* _WHAT TO DO_: The stretch from the line with "3-room apartment 54" through the line with "異常があったから停電した。そ" in the records below: write it out exactly, and nothing else.

* _SUPPLIED MATERIAL_:

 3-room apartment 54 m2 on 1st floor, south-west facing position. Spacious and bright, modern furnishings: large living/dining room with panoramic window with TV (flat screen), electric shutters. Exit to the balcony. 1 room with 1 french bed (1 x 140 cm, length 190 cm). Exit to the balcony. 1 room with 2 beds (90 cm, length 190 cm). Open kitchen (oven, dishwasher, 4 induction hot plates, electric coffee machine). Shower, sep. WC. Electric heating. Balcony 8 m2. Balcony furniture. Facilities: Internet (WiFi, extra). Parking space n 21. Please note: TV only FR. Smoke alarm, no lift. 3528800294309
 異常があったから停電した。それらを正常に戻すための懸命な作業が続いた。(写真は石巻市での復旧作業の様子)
...
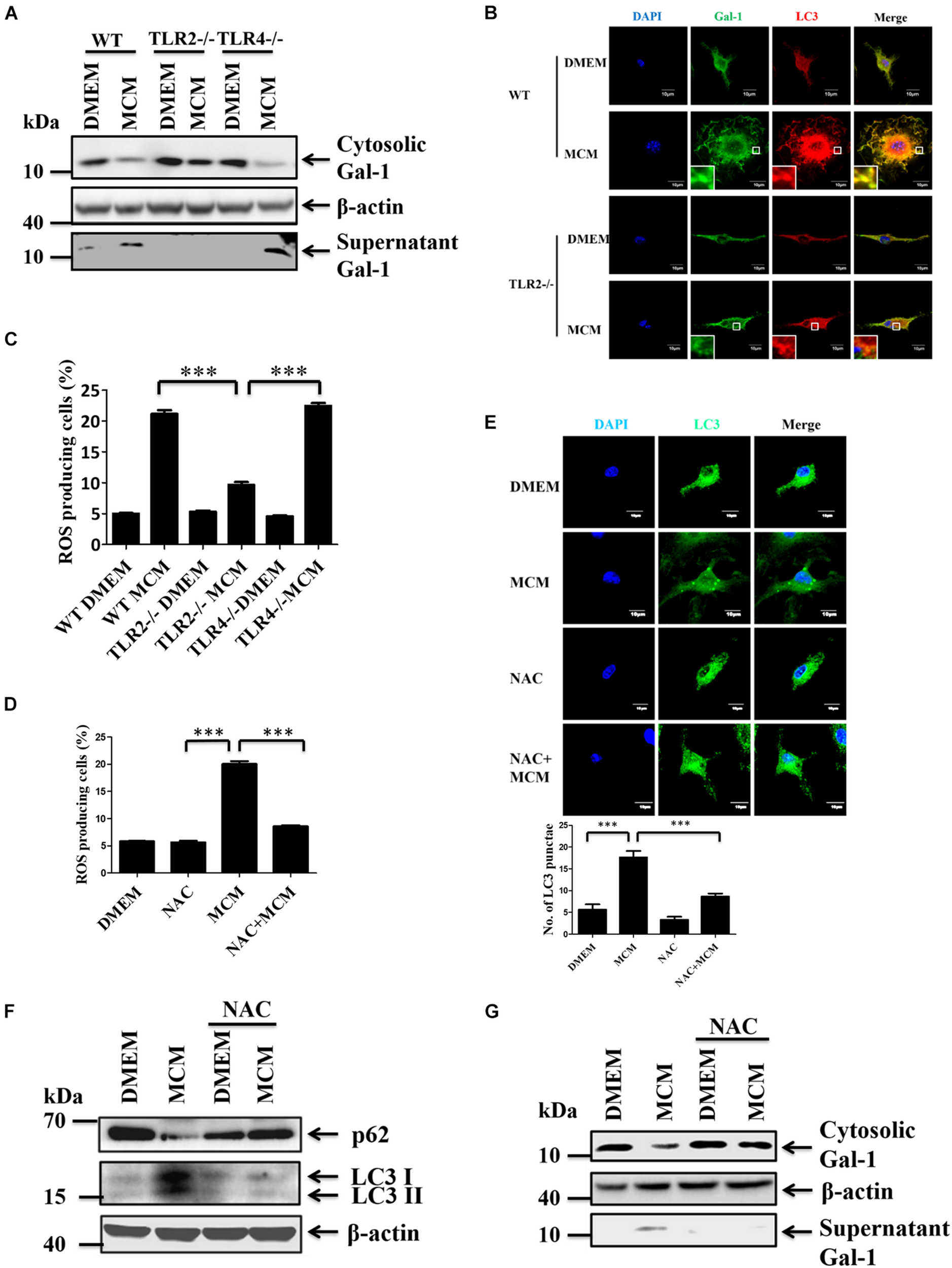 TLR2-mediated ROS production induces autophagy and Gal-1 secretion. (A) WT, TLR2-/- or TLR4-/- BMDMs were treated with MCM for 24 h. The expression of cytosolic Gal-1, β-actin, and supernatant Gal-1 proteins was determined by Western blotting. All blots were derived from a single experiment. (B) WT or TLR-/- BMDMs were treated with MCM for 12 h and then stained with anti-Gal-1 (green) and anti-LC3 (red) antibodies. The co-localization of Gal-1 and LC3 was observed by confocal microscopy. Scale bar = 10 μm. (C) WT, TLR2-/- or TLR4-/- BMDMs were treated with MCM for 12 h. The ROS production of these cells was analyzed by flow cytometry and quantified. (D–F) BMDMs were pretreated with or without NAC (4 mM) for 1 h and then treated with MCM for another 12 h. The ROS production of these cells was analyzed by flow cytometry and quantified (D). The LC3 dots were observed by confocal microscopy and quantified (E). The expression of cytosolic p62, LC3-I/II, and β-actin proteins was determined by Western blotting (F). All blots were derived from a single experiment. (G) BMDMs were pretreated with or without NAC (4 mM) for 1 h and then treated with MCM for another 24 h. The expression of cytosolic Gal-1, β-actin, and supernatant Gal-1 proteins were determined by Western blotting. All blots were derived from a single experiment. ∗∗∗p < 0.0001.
---
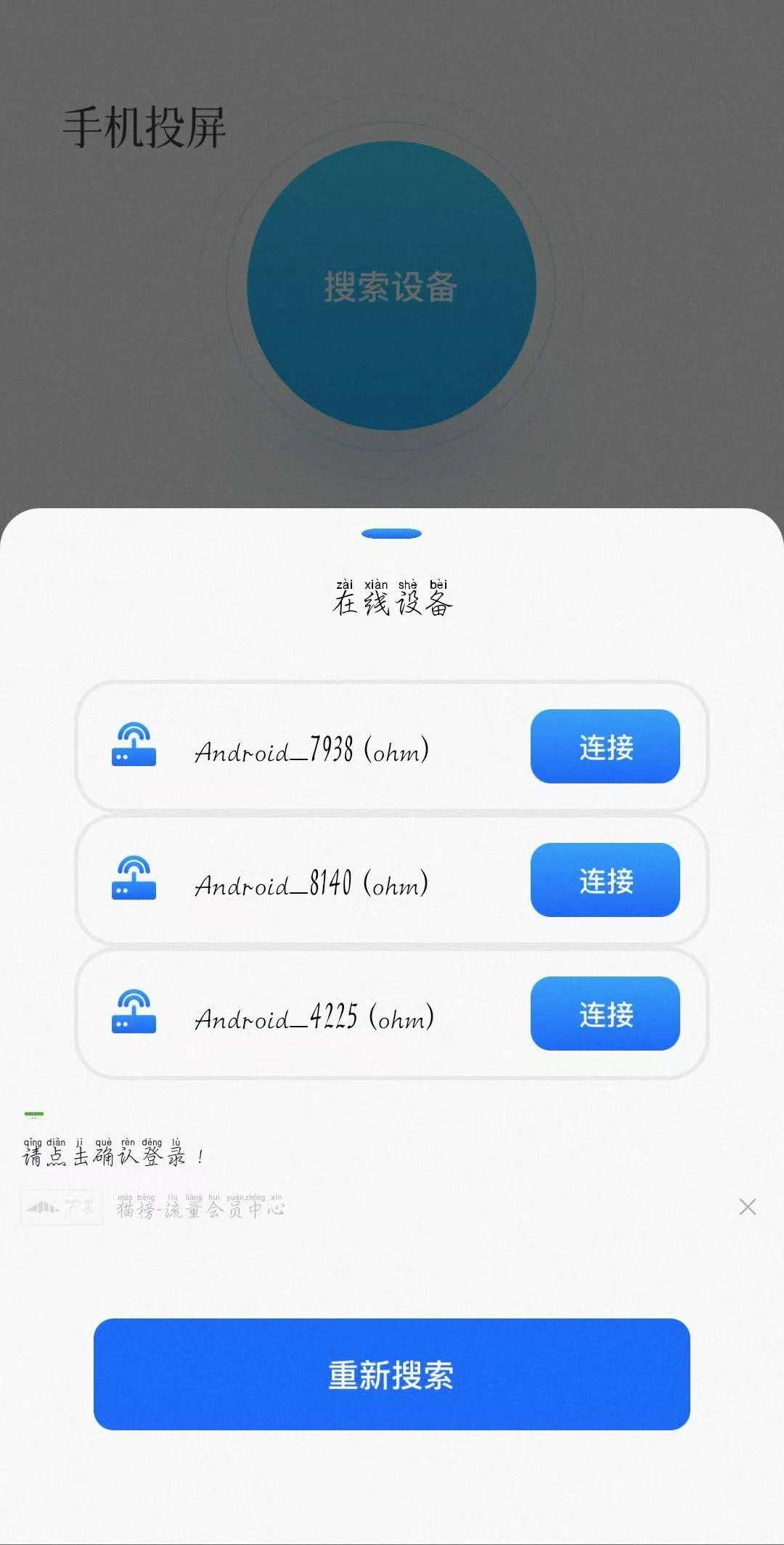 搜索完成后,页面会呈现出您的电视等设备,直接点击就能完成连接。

* _SOLUTION FOR THIS PROBLEM_:
 3-room apartment 54 m2 on 1st floor, south-west facing position. Spacious and bright, modern furnishings: large living/dining room with panoramic window with TV (flat screen), electric shutters. Exit to the balcony. 1 room with 1 french bed (1 x 140 cm, length 190 cm). Exit to the balcony. 1 room with 2 beds (90 cm, length 190 cm). Open kitchen (oven, dishwasher, 4 induction hot plates, electric coffee machine). Shower, sep. WC. Electric heating. Balcony 8 m2. Balcony furniture. Facilities: Internet (WiFi, extra). Parking space n 21. Please note: TV only FR. Smoke alarm, no lift. 3528800294309
 異常があったから停電した。それらを正常に戻すための懸命な作業が続いた。(写真は石巻市での復旧作業の様子)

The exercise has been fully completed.